··· INFORMATION GIVEN ···

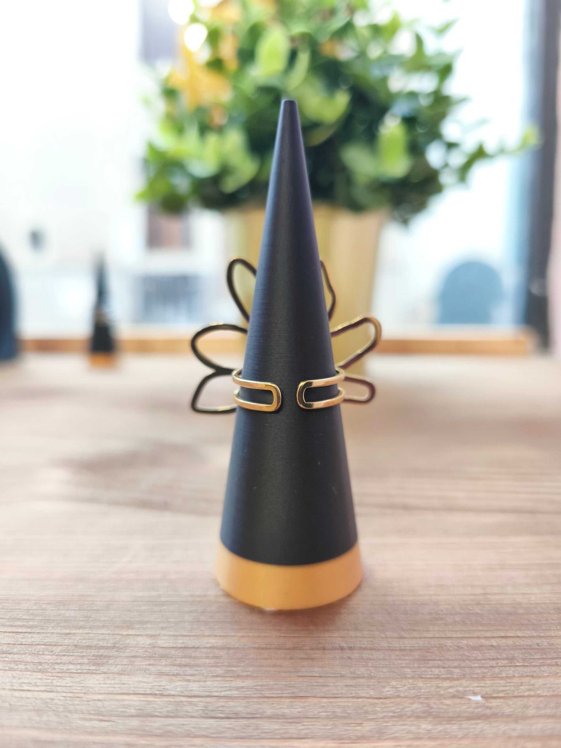 Bague dorée en forme de fleur sertie d'une pierre rouge. En acier inoxydable et réglable.
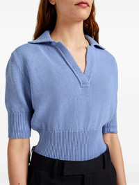 Reeve knit top Highlights - Cornflower blue - Spread collar - Split neck - Short sleeves - Ribbed cuffs and hem Imported Composition Polyamide 100%, Cotton 100%
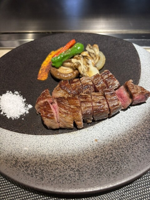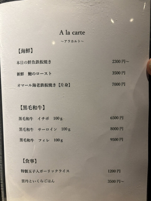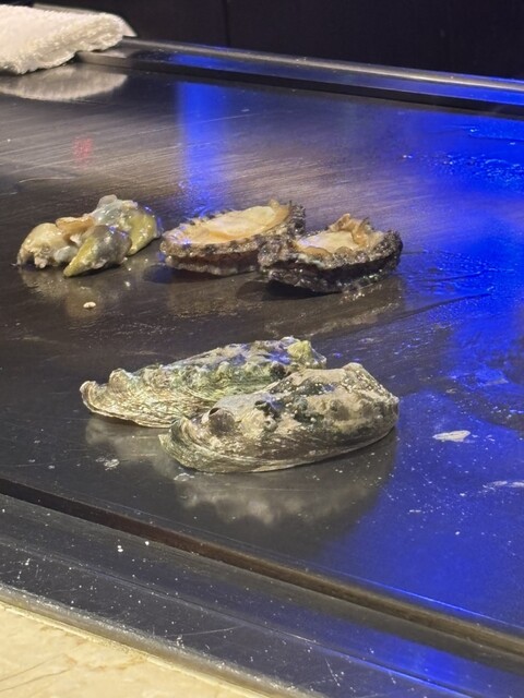 個室もありますが、奥の鉄板焼きのカウンターに案内してもらいました。
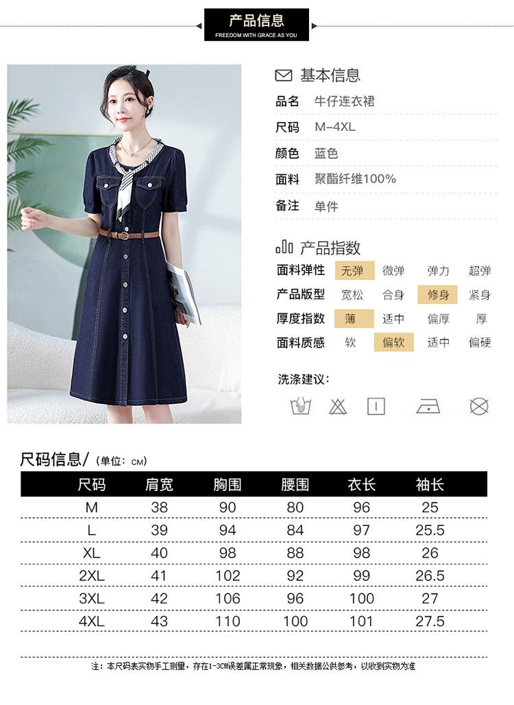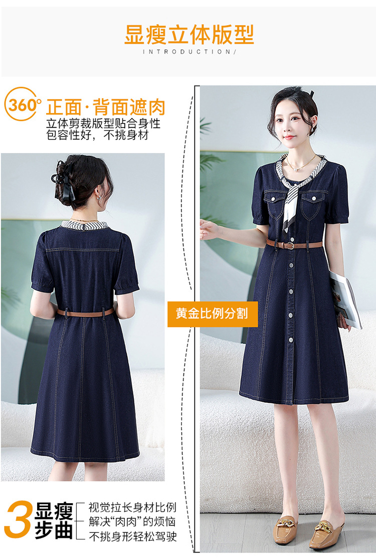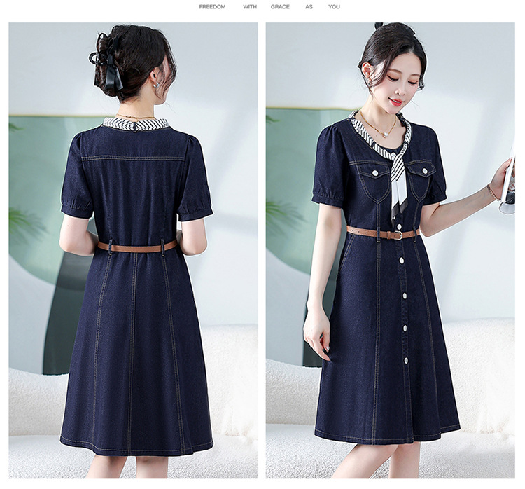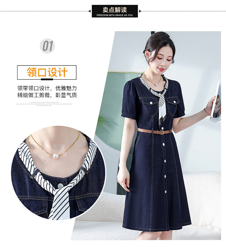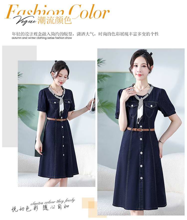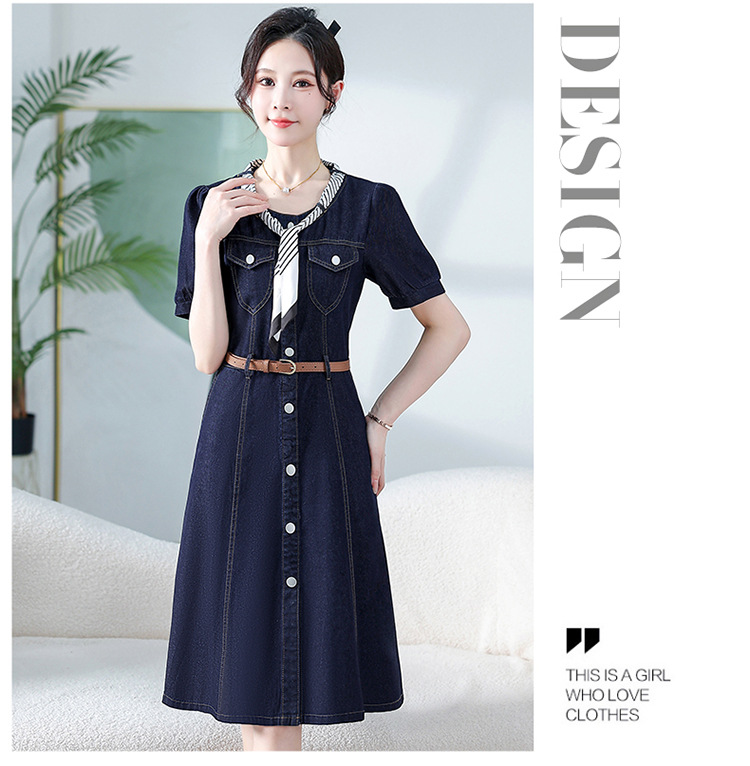 QYMKED-65020 -Y 2025年时尚飘带设计牛仔裙短袖连衣裙气质中长款A字裙
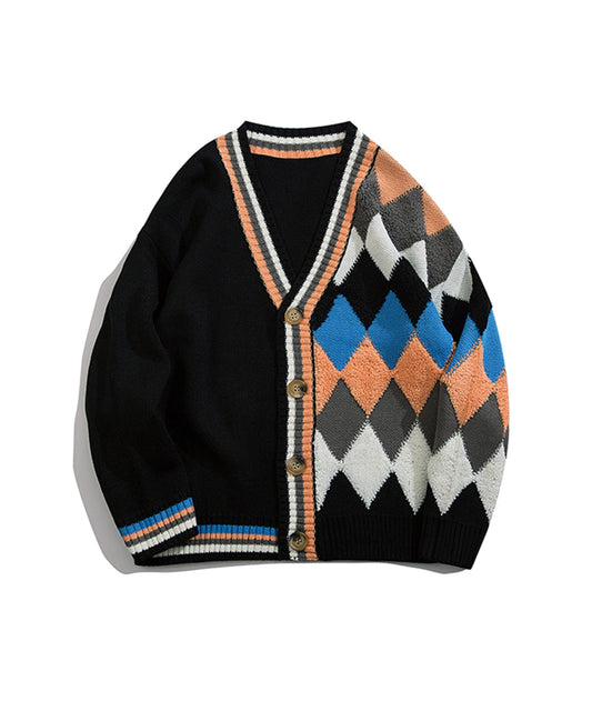 【HOOK】アーガイル幾何学模様リンガーカーディガン
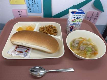 7月14日(月)の献立は「コッペパン(いちごジャム)・牛乳・押麦のチキンパエリア ウインナーとキャベツのスープ・ミックスフルーツ(缶)」でした。
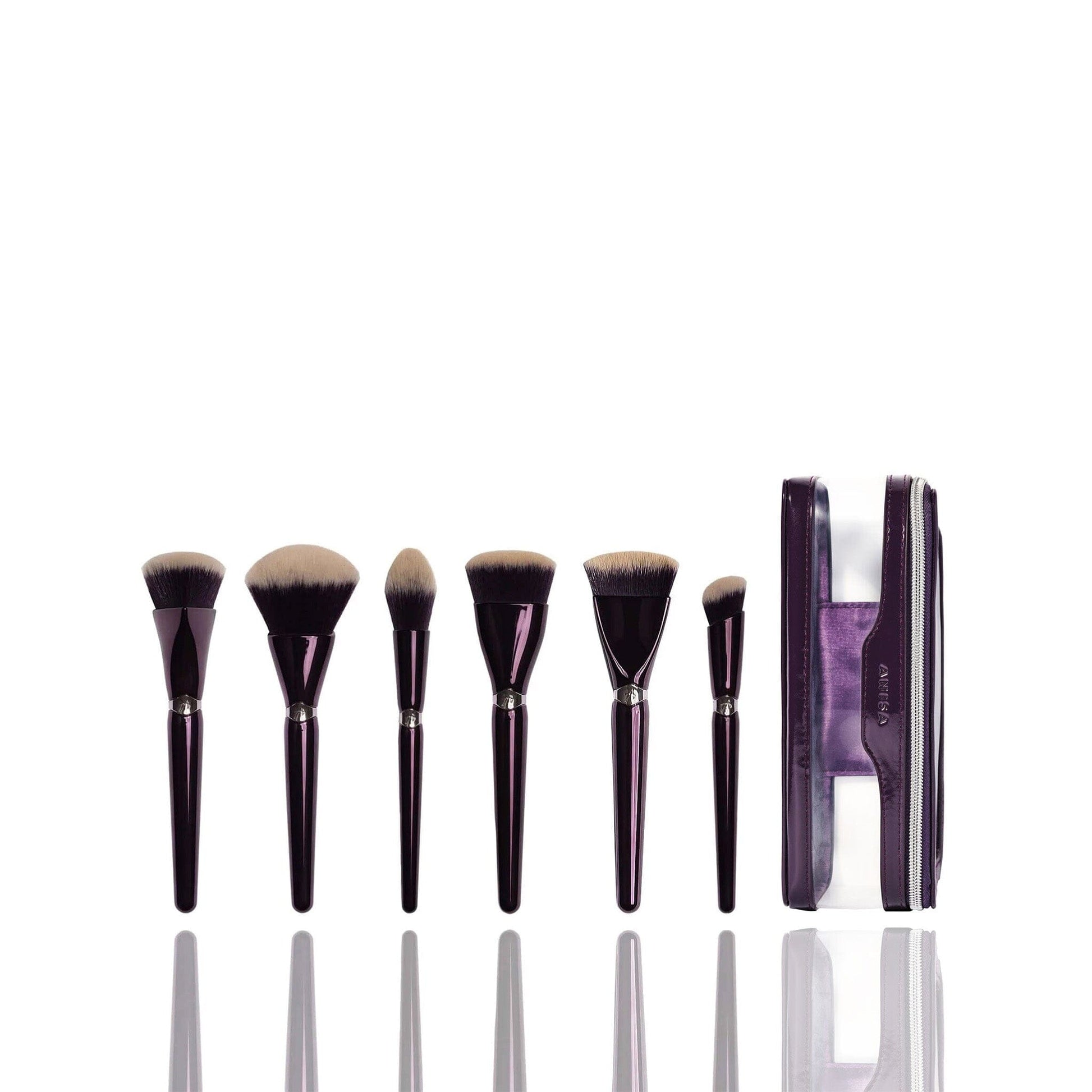 The set includes our Pinnacle Foundation Brush, Multi-Powder Brush, Angled Concealer Brush, Buffing Bronzer Brush, Crescent Contour Brush, Tapered Highlight Brush, and The Beauty Case.

···

[TASK TO CARRY OUT]
In the copy, include exactly the lines from the one with "個室もありますが、奥の鉄板焼きのカウンターに案内してもらいました。" through the final line of the entries above, both ends counted, and no pictures.

[EXERCISE SOLUTION]
 個室もありますが、奥の鉄板焼きのカウンターに案内してもらいました。
 QYMKED-65020 -Y 2025年时尚飘带设计牛仔裙短袖连衣裙气质中长款A字裙
 【HOOK】アーガイル幾何学模様リンガーカーディガン
 7月14日(月)の献立は「コッペパン(いちごジャム)・牛乳・押麦のチキンパエリア ウインナーとキャベツのスープ・ミックスフルーツ(缶)」でした。
 The set includes our Pinnacle Foundation Brush, Multi-Powder Brush, Angled Concealer Brush, Buffing Bronzer Brush, Crescent Contour Brush, Tapered Highlight Brush, and The Beauty Case.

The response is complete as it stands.